Malaysian Prime Minister Najib Razak has confirmed for the first time that there was a "deliberate action" by someone on the missing Malaysia Airlines flight MH370, but stopped short of openly commenting on a hijack attempt.
Speaking at a press conference for the first time in the last seven days since the airliner went off the radar, Razak said the movement of the aircraft was consistent with deliberate action by someone aboard to divert the flight from its original path.
"We can say with a high degree of certainty that aircraft communications system was disabled," he said in Kuala Lumpur.
Although the personal and psychological profiles of all the people – both passengers and crew members – on board have been mapped, Razak insisted that the investigation team is continuing its search for any evidence of foul play.
Amid reports that a Malaysian official had said the investigation "conclusively" suggested it was a hijack, the Malaysian prime minister said the authorities are probing all possibilities.
"Despite media reports that the plane was hijacked, I wish to be very clear: we are still investigating all possibilities as to what caused MH370 to deviate from its original flight path."
He added that the entire combing operation is now shifting towards the Indian Ocean based on the latest satellite data.
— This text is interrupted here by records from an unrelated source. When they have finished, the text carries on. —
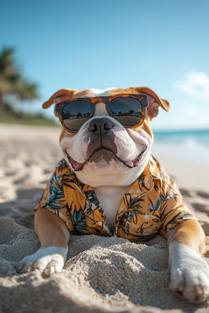 A bulldog lounging on a beach, wearing a Hawaiian shirt and sunglasses, with the ocean in the background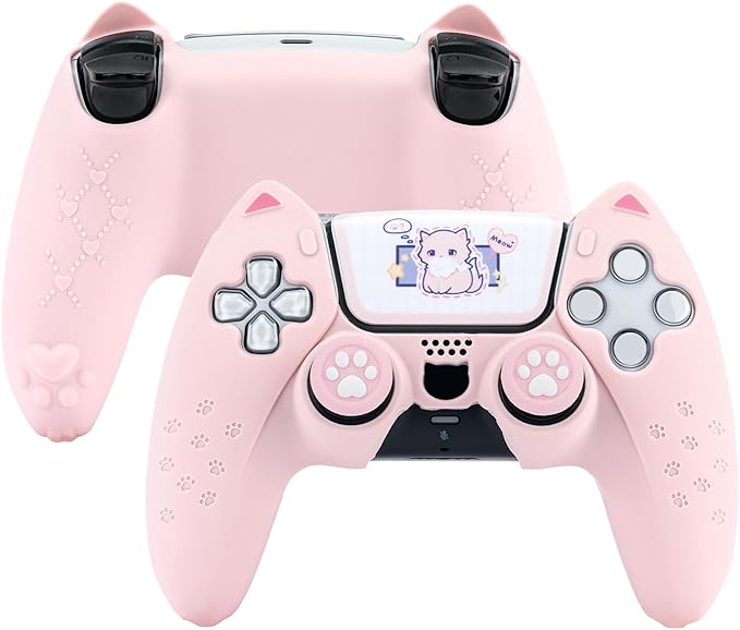 GeekShare PS5コントローラーカバー シリコン製 ソフト スキンケース プレイステーション5 コントローラー対応 PS5コントローラーカバーとシール付け 保護カバー 保護ケース 耐衝撃 簡単装着 滑り止め ほこり防止 PS5保護カバー(猫耳)ピンク b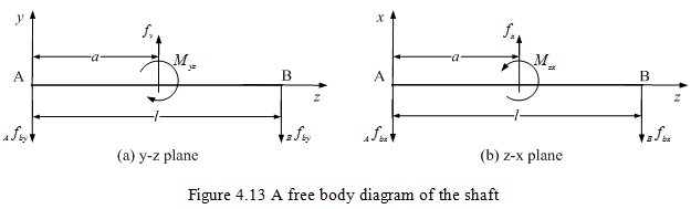 It should be noted that bearings are modelled as a point connection with the shaft and only linear displacements is considered since they support mainly radial loads. Bearing forces have the following form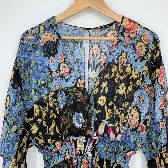 как выглядит NWT ZARA Multicolor Patchwork Print Flowy Floral Romper Size: L фото

All search activities in South China Sea will hereafter stand suspended, he said.
Razak added: "Data shows Malaysia Airlines plane's last communication with satellite was in 1 of 2 locations."
The information gathered by the satellite suggests the two corridors were north of Northern Thailand or south from Indonesia to the southern Indian Ocean, the Malaysian premier said.
The search for the missing plane, with 239 people on board, has entered its second week and no clues have yet been found to point to the location of the airliner.